O capital estrangeiro na saúde é venenoso como a laura rosa
Por Fátima Oliveira, OTEMPO
10/02/2015
A belíssima laura rosa (Nerium oleander), conhecida como espirradeira, flor-de-são-josé, loureiro-rosa, loandro-da-índia e oleandro, de flores amarelas, vermelhas, rosas ou brancas, muito comuns em ruas e jardins no Brasil, é considerada a planta mais venenosa do mundo – possui, em todas as partes, várias substâncias tóxicas, sendo mais letais a oleandrina e a aneriantina: uma folha é suficiente para matar!
Se o ministro Chioro afirmou, em reunião com o Movimento da Reforma Sanitária (29.1.2015), que o governo foi “atropelado” na condução das alterações da Medida Provisória 656/2014, o direito à saúde recebeu do governo uma dose do veneno da laura rosa!
Explico-me.

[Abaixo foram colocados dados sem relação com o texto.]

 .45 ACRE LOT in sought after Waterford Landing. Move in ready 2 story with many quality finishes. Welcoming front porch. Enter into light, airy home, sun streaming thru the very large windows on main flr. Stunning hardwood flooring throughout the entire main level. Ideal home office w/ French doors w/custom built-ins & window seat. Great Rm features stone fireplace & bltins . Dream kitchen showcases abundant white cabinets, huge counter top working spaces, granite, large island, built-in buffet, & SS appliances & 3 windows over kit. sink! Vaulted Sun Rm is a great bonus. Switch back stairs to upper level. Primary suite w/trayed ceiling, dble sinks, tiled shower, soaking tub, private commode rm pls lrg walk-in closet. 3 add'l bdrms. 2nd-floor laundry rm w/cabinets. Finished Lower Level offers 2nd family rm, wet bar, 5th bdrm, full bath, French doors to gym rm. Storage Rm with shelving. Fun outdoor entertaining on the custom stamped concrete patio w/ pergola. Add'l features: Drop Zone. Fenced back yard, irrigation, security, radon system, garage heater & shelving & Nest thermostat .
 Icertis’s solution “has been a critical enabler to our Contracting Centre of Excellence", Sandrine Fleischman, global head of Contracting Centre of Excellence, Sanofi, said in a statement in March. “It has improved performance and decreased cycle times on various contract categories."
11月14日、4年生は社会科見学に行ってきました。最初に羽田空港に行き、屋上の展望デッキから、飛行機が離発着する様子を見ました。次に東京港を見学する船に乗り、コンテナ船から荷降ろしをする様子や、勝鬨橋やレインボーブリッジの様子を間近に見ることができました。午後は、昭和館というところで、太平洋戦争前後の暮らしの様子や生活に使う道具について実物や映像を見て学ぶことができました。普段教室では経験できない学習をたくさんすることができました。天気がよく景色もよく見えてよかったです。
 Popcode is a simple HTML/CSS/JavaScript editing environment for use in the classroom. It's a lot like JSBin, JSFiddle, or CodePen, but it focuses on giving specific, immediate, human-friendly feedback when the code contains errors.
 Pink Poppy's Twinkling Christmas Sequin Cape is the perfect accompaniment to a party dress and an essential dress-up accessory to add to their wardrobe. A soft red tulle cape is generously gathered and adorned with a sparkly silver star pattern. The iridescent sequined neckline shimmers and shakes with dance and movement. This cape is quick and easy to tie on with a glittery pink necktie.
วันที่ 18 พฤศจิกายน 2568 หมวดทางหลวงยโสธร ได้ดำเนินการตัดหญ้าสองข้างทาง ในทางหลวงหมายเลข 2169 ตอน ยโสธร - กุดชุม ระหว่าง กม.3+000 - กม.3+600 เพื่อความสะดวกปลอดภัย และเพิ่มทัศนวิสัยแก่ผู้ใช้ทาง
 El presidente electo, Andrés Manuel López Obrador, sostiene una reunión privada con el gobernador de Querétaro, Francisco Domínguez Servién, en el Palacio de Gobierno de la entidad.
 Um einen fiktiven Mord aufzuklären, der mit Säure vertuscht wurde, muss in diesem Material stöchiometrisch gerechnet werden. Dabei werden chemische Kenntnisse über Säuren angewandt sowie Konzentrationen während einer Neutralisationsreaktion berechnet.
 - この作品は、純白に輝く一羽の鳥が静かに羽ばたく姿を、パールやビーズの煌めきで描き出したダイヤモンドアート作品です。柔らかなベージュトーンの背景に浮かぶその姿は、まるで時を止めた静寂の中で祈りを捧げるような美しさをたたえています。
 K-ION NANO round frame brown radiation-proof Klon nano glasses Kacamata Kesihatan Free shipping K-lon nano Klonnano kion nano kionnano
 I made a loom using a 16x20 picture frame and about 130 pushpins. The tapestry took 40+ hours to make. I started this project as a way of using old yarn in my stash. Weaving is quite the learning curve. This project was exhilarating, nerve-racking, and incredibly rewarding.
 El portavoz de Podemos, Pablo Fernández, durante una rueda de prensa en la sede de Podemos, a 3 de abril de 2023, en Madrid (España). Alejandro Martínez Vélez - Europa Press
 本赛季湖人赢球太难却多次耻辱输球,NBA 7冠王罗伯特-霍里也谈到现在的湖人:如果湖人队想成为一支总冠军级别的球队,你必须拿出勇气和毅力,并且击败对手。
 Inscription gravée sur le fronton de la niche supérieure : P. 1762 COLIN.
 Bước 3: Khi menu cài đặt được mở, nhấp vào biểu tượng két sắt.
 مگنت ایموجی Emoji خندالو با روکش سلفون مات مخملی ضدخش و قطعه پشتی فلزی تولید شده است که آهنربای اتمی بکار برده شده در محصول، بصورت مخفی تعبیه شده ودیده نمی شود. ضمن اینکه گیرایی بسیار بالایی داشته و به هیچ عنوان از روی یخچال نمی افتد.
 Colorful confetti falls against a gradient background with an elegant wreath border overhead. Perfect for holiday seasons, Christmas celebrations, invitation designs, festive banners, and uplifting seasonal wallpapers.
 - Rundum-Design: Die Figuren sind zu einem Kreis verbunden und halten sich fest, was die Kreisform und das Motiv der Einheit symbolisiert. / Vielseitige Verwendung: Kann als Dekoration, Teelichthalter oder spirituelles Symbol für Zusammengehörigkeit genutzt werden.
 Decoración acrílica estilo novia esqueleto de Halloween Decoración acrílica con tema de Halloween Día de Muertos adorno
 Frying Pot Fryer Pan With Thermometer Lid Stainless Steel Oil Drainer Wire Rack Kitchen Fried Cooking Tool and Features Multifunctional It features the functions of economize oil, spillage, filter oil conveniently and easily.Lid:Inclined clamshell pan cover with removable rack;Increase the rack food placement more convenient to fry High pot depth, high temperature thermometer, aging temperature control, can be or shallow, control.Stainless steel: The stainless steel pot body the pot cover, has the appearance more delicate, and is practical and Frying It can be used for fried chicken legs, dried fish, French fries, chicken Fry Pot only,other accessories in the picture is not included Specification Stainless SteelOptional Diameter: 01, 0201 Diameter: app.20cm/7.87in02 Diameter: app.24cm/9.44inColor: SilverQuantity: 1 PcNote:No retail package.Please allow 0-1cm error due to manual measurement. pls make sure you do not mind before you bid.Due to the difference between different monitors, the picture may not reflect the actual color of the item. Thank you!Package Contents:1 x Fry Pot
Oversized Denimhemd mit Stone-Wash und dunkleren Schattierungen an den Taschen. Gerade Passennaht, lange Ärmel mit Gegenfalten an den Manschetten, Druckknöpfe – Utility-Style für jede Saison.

É vedada pela Constituição Federal a presença de capital estrangeiro na saúde (artigo 199), o que é reiterado pela Lei 8.080/1990, que regulamenta o SUS. Em 1998, com a regulamentação dos planos de saúde, na Lei 9.656, foi criada uma brecha: permissão para que operadoras de capital internacional adquirissem planos de saúde brasileiros, a exemplo da United Health, que comprou a Amil, e a Bain Capital, a Intermédica, que, como os nacionais, não entregam o que vendem!
Aconteceu o “pulo do gato”: tais empresas possuem hospitais próprios – eis o capital estrangeiro na assistência à saúde! Até o momento, apenas no setor privado. Era pouco para o capital apátrida! De fato, “o capital financeiro não tem pátria”, e, com muita esperteza e paciência, desde a Constituição Federal de 1988, luta para colocar suas garras na assistência à saúde. Conseguiu! Em 20.1.2015, a presidente Dilma sancionou a Lei 13.097, que, no artigo 142, altera a Lei 8.080/1990 e “autoriza a participação direta ou indireta, inclusive controle, de empresas de capital estrangeiro na assistência à saúde”.
O “atropelamento” mencionado pelo ministro Chioro é porque a presidente emitiu a Medida Provisória 656, de dezembro de 2014, sobre alterações no Imposto de Renda e “matérias civis tributárias e financeiras”, que na Câmara dos Deputados recebeu diferentes emendas até sobre assuntos alheios ao tema IR, como a autorização do capital estrangeiro na assistência à saúde. A Câmara e o Senado aprovaram “tudo” em 17.12.2014. E o “tudo” foi sancionado pela presidente, apesar do parecer da AGU para o veto no tópico “capital estrangeiro na saúde”!
Necas de atropelamento!
Estamos diante de uma inconstitucionalidade, como disse Lenir Santos, do Instituto de Direito Sanitário Aplicado (Idisa), na reunião com o ministro Chioro: “A participação do capital estrangeiro é matéria constitucional, e a alteração da previsão contida na CF teria que ser conduzida por lei específica, e não em meio à miscelânea que caracteriza a MP 656/2014”.
A impressão é que nem o governo Dilma entendeu o inteiro teor de que “saúde é direito de todos e dever do Estado” e nem o SUS. Também não deu sorte com seus ministros da Saúde, o que é lastimável.
Arthur Chioro está “unha e carne” no apoio ao capital estrangeiro – prontinho para dar o bote no grande mercado da saúde no Brasil, incluindo o SUS –, embora ele tenha dito que “não se cogita mudar a lógica de prioridades para contratação de serviços: em primeiro lugar, os públicos, depois, filantrópicos e, por último, serviços privados. Além disso, princípios de universalidade, equidade e integralidade em nenhum momento foram colocados em discussão”.
É impossível defender um governo que não enxerga quando o interesse público (direito à saúde) é “atropelado” pelo interesse privado (negócios).